No estudo, considerado por Miguel Rodrigues como "o maior realizado em Portugal" sobre violência doméstica, constata-se, de igual modo, que 17% dos inquiridos já cometeram um crime em ambiente escolar. Destes, 85% fizeram-no só após vivenciarem momentos traumáticos no seio familiar. "Corresponde a um crime por cada seis alunos. É uma média 11 vezes superior", frisa a investigação.
"Não podemos dizer que uma criança que assistiu a casos de violência doméstica será um agressor, mas tem um conjunto de vulnerabilidades acrescidas e necessita de ser intervencionado o mais rapidamente possível", defende Mauro Paulino.
Opinião
Interesse da criança não é protegido
"O superior interesse da criança é um chavão bonito, mas não está em cima da mesa aquando da tomada das decisões judiciais". A crítica é de Mauro Paulino, que dá como exemplo a obrigatoriedade de um menor viver, mesmo que a meio tempo, na casa do progenitor suspeito ou condenado por violência doméstica. "Estamos a obrigar uma criança a conviver com uma figura que lhe cria ansiedade", justifica o também docente da Universidade de Coimbra.

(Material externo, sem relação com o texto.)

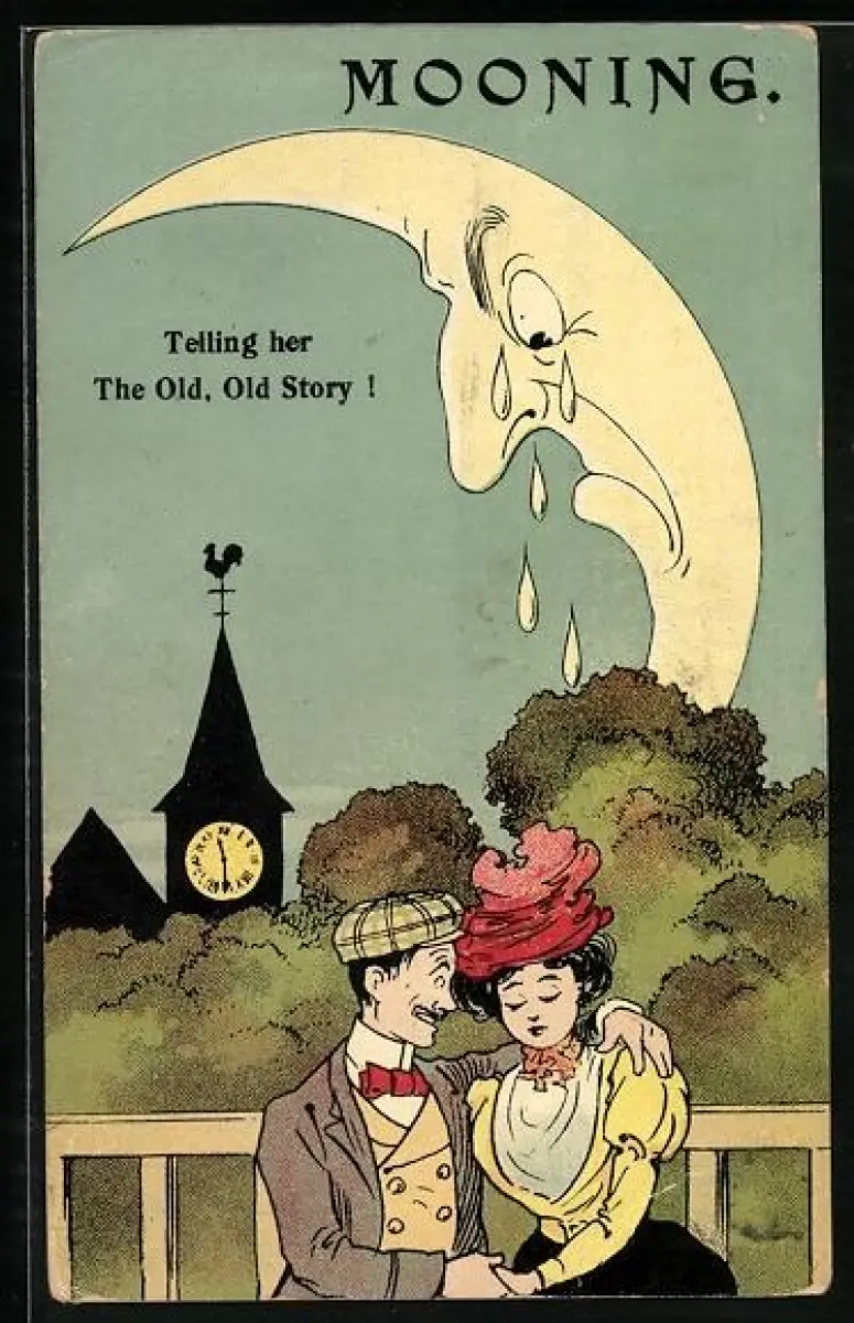 Künstler-AK Trauriger Mond beobachtet ein Paar in einem Park

"Há sempre um impacto negativo nas crianças em todos os casos de violência doméstica", reforça Miguel Rodrigues, autor do estudo "Filhos da Violência Doméstica".
Dados
Violência
Segundo Miguel Rodrigues, 16% dos jovens inquiridos identificaram-se como agressores em contexto de violência no namoro. "E 22% identificaram-se com o papel de vítima", refere.
Perdão
O estudo evidencia que 45% das mulheres abandonaram o agressor logo após a apresentação da denúncia de violência doméstica. Porém, seis anos depois, 75% destas vítimas tinham reatado o relacionamento.
País representado
A amostra do estudo contempla mães e filhos, entre os 15 e os 22 anos, de todas as regiões do país, que responderam a inquéritos.